McCarthy v. State

ChalmeRS, J.,

delivered the opinion of the court.

In May, 1877, the plaintiff in error was indicted for an assault and battery with intent to kill and murder.

The jury returned a verdict, written out on one of the instructions given them, in these words : “We, the jury, find the prisoner guilty as charged in the indictment, and recommend him to the mercy of the court.”

The clerk, in entering this verdict, entered it thus: “We, the jury, find the prisoner guilty of assault and battery, and recommend him to the mercy of the court.” Notwithstanding this entry of the verdict, the prisoner was sentenced, as upon conviction of a felony, to imprisonment for five years in the penitentiary. At a subsequent term of the court, the district attorney made a motion to amend the entry upon the minutes, and for a proper entry nunc pro tunc of the verdict as returned by the jury. Upon the hearing of this motion, there was admitted in evidence, against the objection of the pifisoner, the written memorandum of the verdict indorsed upon the instruction, and the oral testimony of the clerk, to the effect that it was the true verdict brought in by the jury, and that it had been by him read, aloud to them, and by them declared in open court to be their verdict, and that its entry upon the minutes in the form there found was a clerical misprision on his part.

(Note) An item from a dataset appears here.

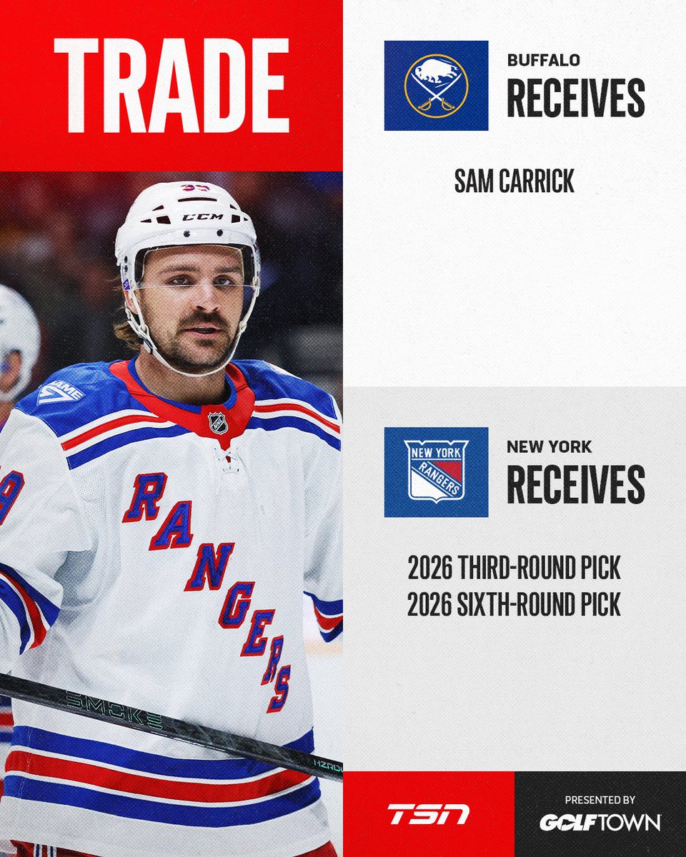 Lisäksi Buffalo on värvännyt New York Rangersista hyökkääjä Sam Carrickin. Rangers saa Buffalolta 3. ja 6. kierroksen varausvuorot tämän kesän draftiin.

This testimony was improperly admitted. It is the settled doctrine of this court that no correction of the record can *297take place after the term, except where the record itself affords the means óf correction, or except where expressly allowed by statute. Sect. 627 of the Code of 1871, providing for the correction of judgments, does not apply to criminal cases, as is manifest from its terms. 8 Smed. & M. 818; 8 Smed. & M. 97; 3 How. 165; 13 Smed. & M. 259.

There was on the record, at the date of the hearing of this motion, a petition for appeal and an appeal-bond filed by the prisoner, in which he recited that he had been convicted of an assault and battery with intent to kill and murder, but it was not permissible for the circuit judge by these recitals to contradict the minutes of the court as to what had transpired upon the trial, and before judgment.

We see no invalidity in the return of the indictment into court. The supposed irregularity proceeds entirely from a blunder in putting together the pages of the transcript, by which the indictment is made to appear in advance of the recital showing the bringing in of it by the grand jury. The transposition of a single sheet of paper obviates the supposed irregularity, and it is evident that this should be done.

The judgment is reversed and the cause remanded, with instructions to the court below to sentence the accused as upon a conviction for assault and battery.